LAUSD's FISHY DEAL "...the deal seems difficult to fathom."
Sunday, July 25, 2004 - A grand jury investigation is not an indictment, and an indictment is a far cry from a conviction. So it would be premature to conclude that anyone did anything wrong in the Los Angeles Unified School District's $180 million deal for its new headquarters.
But let's be honest: The deal smelled wrong from the beginning, and it's encouraging that three years after it was cut, a federal grand jury has found enough questions to open an investigation.
Let's revisit the history: The 20-year-old, 29-story monstrosity had not once, but twice won the Lemon Award by a downtown business group. It had sagging concrete floors, poor ventilation and seismic vulnerabilities. Some folks called it a "walking dead building."
Yet despite the many obvious problems, in 2001, LAUSD Superintendent Roy Romer agreed to buy the building for a whopping $74.5 million. And that was just the beginning. Fixing up the place would cost $80 million, more than doubling the original price.
The district's own inspector general, Don Mullinax, raised questions about the purchase, and school board member David Tokofsky voted against it, but he was alone. By a 4-1 vote and on Romer's recommendation, the board approved the deal.
All in all, between the purchase price, renovations and moving costs the district took out $180 million in bonds to pay for the Beaudry building — bonds that are repaid with funds from the LAUSD's operating budget, money that would otherwise pay for teachers, educational services, books and other classroom necessities.
Why such a heavy investment for such a problematic piece of real estate? That's what the federal grand jury is investigating.

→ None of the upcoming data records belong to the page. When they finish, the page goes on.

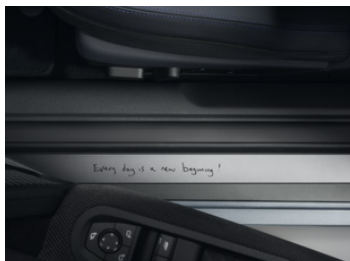
専用ドア・シル（サー・ボール・スマス ハンドライティング・デザイン・メッセージ入り）*
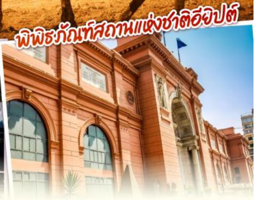
พิพิธภัณฑ์สถานแห่งชาติอียิปต์

ตามรอยอารยธรรมลุ่มแม่น้ำไนล์ ทั้งพีระมิด อเล็กซานเดรีย เมมฟิส ไคโร พิเศษ ทัศนียภาพเมือง พร้อมชมวิวพีระมิดอันยิ่งใหญ่ตระการตา
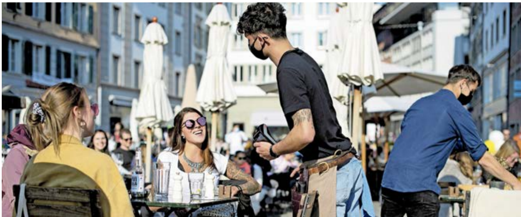
Wie hier im Mill'Feuille in Luzern waren die Sonnenplätze auf den Restaurantterrassen diese Woche gefragt.
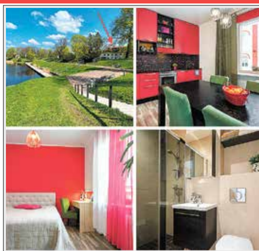
Õhtu põik 2, Pärnu Tõeliselt suur 3toaline korter, kõrge I korrus, üp 80,6 m². Uus hind 145 000 €
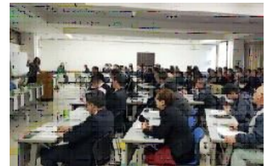
25・3・2 東京土建世田谷支部会館において、世田谷区支部、宮城県支部、東京都支部の共催で「防災と被災地復興支援の集い」を開催した。
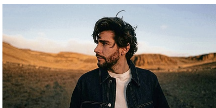
Alvaro Soler tritt in Bad Arolsen auf.

Die „El Camino Tour 2026“ führt ihn durch zahlreiche Länder – darunter Deutschland, die Niederlande, Belgien, die Schweiz, Polen, die Slowakei, Luxemburg, Österreich und Tschechien. Nun wurde die Tour um weitere Sommertermine ergänzt – mit stimmungsvollen Open-Air-Konzerten auf besonderen Bühnen unter freiem Himmel.
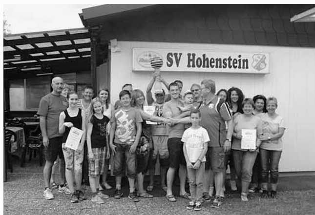
Allen Teilnehmern „Herzlichen Glückwunsch“!

Hier nun die Platzierungen der Boccia-Mannschaften: 1. Platz Team Trödeltrupp, 2. Platz SV Freizeitfußballer, 3. Platz 3 Freunde, 4. Platz Hohensteiner Burgnarren, 5. Platz SPD und CDU, 7. Platz Kippelhexen 1, 8. Platz Kippelhexen 2, 9. Platz Burgkäuzchen, 10. Platz SV Leichtathleten und 11. Platz Hohensteiner Burgnarren Stammtisch.
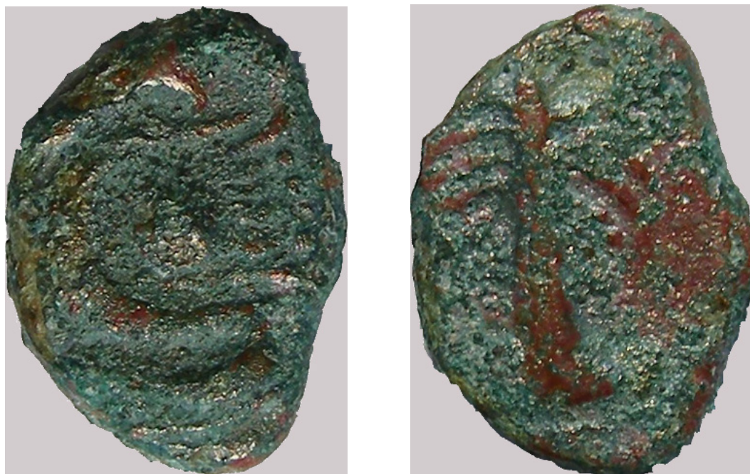
Fig. 6. Moneta di Baria.

vescio una palma con frutti (fig. 6). Questo è il secondo esemplare di bronzo rinvenuto a Pompei 8 . La cronologia per la moneta di Baria è compresa tra la fine del III secolo a.C. e la metà del II secolo a.C. La provenienza di queste monete rispecchierebbe le rotte commerciali del Mediterraneo Occidentale che mettono in contatto l'area campana con la penisola iberica.
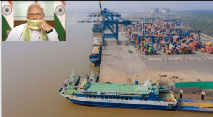
નોડરીઓ અને ઉઘોગો માટે નવા કોશ્ચોનું સર્જન થશે અને આ પ્રદેશમાં પર્યટનને વેગ મળશે

કમલમ દૈનિક, પ્રધાનમંત્રી શ્રી નરેન્દ્ર મોદી ૮ નવેમ્બર ૨૦૨૦ના રોજ સવારે ૧૧ વાગ્યે વિડિયો કોન્ફરન્સિંગના માધ્યમથી ગુજરાતમાં હજુરા ખાતે રો-પેક્સ ટર્મિનલનું ઉદ્ઘાટન કરશે અને હજુરાથી ઘોઘા વચ્ચે રો-પેક્સ ફેરી સેવાને લીલીઝંકી બતાવી તેનો શુભારંભ કરાવશે. જળમાર્ગોનો ઉપયોગ કરવાની અને તેમને દેશના આર્થિક વિકાસ સાથે સંકલિત કરવાની પ્રધાનમંત્રીની દૂરદેશીની દિશામાં આ કાર્યક્રમ એક મોટું
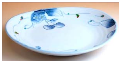
317046 姫りんご 多用皿 1 7 8 5 円 (径 20.4×18.8cm) (本体価格 1 7 0 0 円)
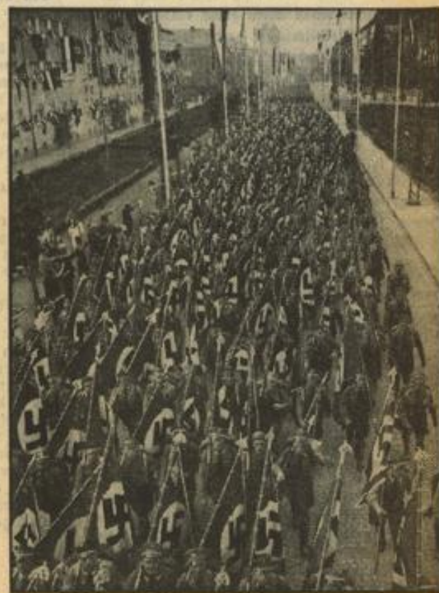
Die Fahnen-Gruppen der Politischen Leiter und der Arbeitsfront auf dem Wege zur Zeppelintwiese in Nürnberg.
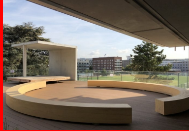
Maison de la Corée
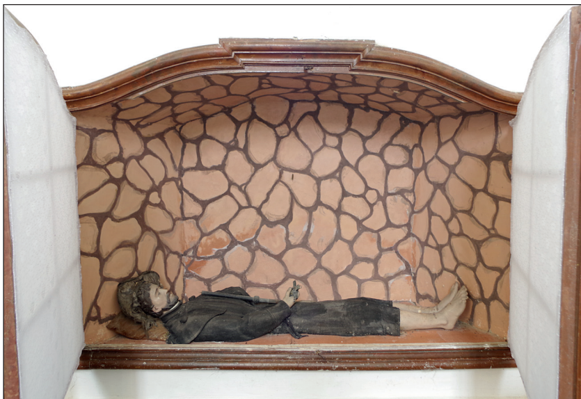
Hrob sv. Františka Xaverského v Knínících u Telče, 18. století.
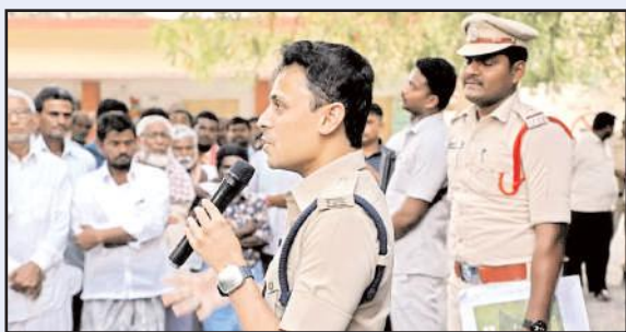
మాచర్ల, మేజర్ న్యూస్

మాచర్ల మండలంలోని సమస్యాత్మక గ్రామాలైన గన్నవరం, మతుకుమల్లి, కంభంపాడు, రాయవరం, జమ్మలమడుగు గ్రామాలలో గల పోలింగ్ కేంద్రాలను శ్రీ ఎస్పీ గారు సందర్శించి అక్కడ భద్రతా ఏర్పాటు పరిశీలించి పోలీసు అధికారులకు తగు సూచనలు ఇచ్చారు. అదేవిధంగా అక్కడ ప్రజలతో మాట్లాడారు, గతంలో అక్కడ జరిగిన వివిధ సంఘటనల గురించి అడిగి తెలుసుకున్నారు. ప్రజలకు ఓటు హక్కు విలువలను గురించి వివరించారు. స్వేచ్ఛగా ఓటు హక్కు వినియోగించుకోవాలని సూచించారు. ఎన్నికల నియమావళి ఉల్లంఘనలపై 9440796184 నెంబరుకు కాల్ చేసి ఫిర్యాదు చేయాలని సూచించారు.
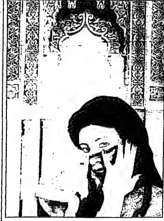
عنان - القدس العربي - من جمال تشويكي
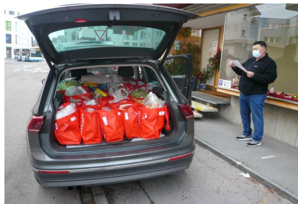
Seit dem Herbst werden die Lebensmittel per Lieferservice verteilt.
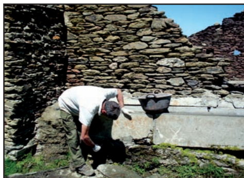
La brigada del Parc ha arranjat dos abeuradors d'ús ramader a Llavorsí, com aquest situat als Camps de Biuse.
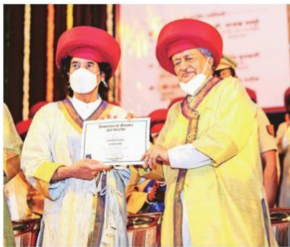
Governor Bhagat Singh Koshyari felicitates Ustad Zakir Hussain at MU's Fort campus on Thursday.
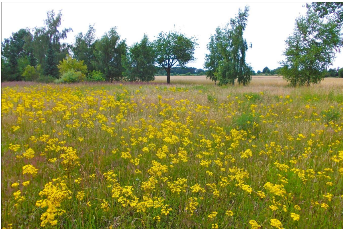
Wiese mit Jakobskreuzkraut
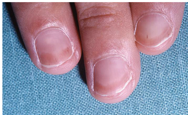
Obr. 7. „Half-and-half nail“ a třískovité hemoragie u pacienta s chronickou renální insuficiencí léčeného hemodialýzou
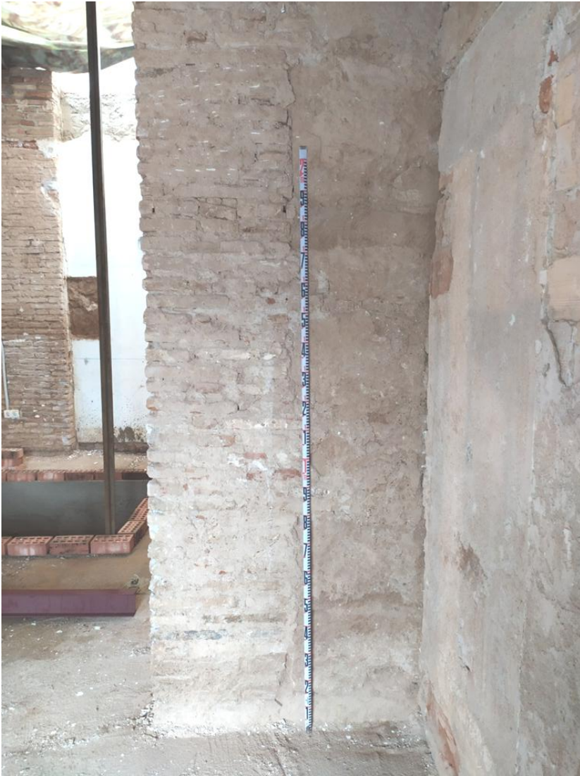
Fig. 11. Aparejo mudéjar del contrafuerte de ladrillo ubicado en el gran salón

La construcción del pórtico de cuatro vanos y el «salón bajo» y alto se planea según proyecto del arquitecto Gaspar de la Peña. Esta noticia es aportada por Rafael Aguilar, en un artículo en el Diario Córdoba de fecha 05/05/1962. En el mismo año de 1661 se llevaron a cabo reparaciones en los tejados de casa e iglesia (REDEL: 1910, 97).
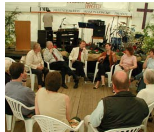
25 Jahre MZ Hanstedt 2004
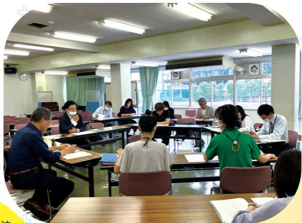
成年後見制度利用促進会議の様子
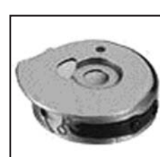
CP-M82C(1182) увеличенный размер с пружинкой

Для: JUKI LH-1162.1162-4.5 SICAMA(TASICO) SC-1162-5.6

The stated explanation at the time -- that the district needed to evacuate its old headquarters to make room for a new school -- always seemed dubious, given the cost and hassles involved. Some speculated about another possible explanation: Dirty dealing.
The Beaudry building's previous owners were Beaudry 1 Investors, a Connecticut-based company once represented by attorney Cole Finegan, a friend of Romer's from back during his Colorado days.
Given politicians' penchant for buying property from well-heeled friends and supporters, it certainly seems plausible that such a connection could carry some weight in the LAUSD. After all, Romer's above-and-beyond enthusiasm for the deal seems difficult to fathom.
But the LAUSD's own counsel ruled there was no conflict of interest, and although District Attorney Steve Cooley launched a snail-paced investigation of his own, the public is still awaiting his findings.
So perhaps the federal grand jury can find out once and for all whether any wrongdoing took place. Tellingly, the school board withdrew plans to spend $40 million more to make the headquarters functional, this for facilities to maintain the free parking for 2,800 members of the bloated bureaucracy.
Smart move. The public has all the reason it needs to be suspicious of LAUSD property dealings. The board is better off resolving old controversies before creating any new ones.